どうして僕(私)を信じてくれないんだろう。

こう思うときってありませんか?

自分はしっかりやっているのに・・・、自分は嘘をついていないのに・・・。

ところで、あなたは自分のことが信じられますか?

自分は、絶対にウソをつかないし、絶対に人を裏切らないし、絶対に誤魔化さない。

絶対に人をイジメないし、絶対に怠けないし、絶対にいい加減なこともしない。

「だから、私は自分のことが信じられます」と言い切れますか?

実は、自分を本当に信じられる人って、あまりいないのですね。

自分で自分のことが信じられないのに「自分を信じてください」なんて、自分勝手ではありませんか?

自分を信じてもらいたければ、まずは人から信じてもらえる自分になることです。

これはできるかできないかの能力などの問題ではなく、心の姿勢の問題です。

例えば、できなくても、「今はできませんが、できるように一生懸命がんばります」というような誠実さがあるかどうかですね。

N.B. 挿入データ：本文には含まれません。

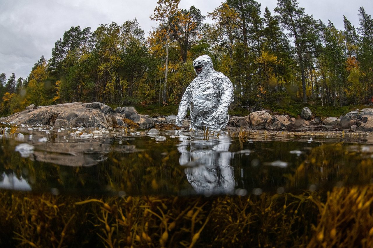Магия воды превращает человека в дурацком костюме из фольги в великана из сказок с головой, достигающей верхушек деревьевФото: Виктор Лягушкин Денис объяснил это так: «Есть термин такой — “морфогенетическое поле”. Он был выведен еще в советское время в 20-30-е годы советскими учеными. Вот, к примеру, самый яркий эксперимент, который дал понять, что существуют какие-то внешние источники, питающие жизнь. Известно, что если поместить куриное яйцо в инкубатор и поддерживать определенную температуру, то вылупится цыпленок. В том эксперименте яйцо помещали в специальную камеру, создавали в ней нужную температуру, но полностью экранировали от внешнего мира. И процесс развития яйца или останавливался, или, если что-то и развивалось, это была бесформенная масса. Получается, есть какие-то внешние источники, без которых живое существо не появляется, хотя яйцо вполне самодостаточно. Эти эксперименты не были признаны в мире, но мне очень нравится идея, и я ее исследую изобразительно».

師匠は、「信頼は自分の外に求めるものでなく、自分の内に求めるもの」と教えてくださっています。

完璧な人間はどこにもいませんから、失敗したり、過ちを犯してしまうことは誰にでもあります。

でもそんなとき、「えっ、どうしたの? 〇〇さんらしくないじゃない」と言ってもらえるように、日ごろから、信用され、信頼される行動をコツコツと積み重ねていくことが大切ですね。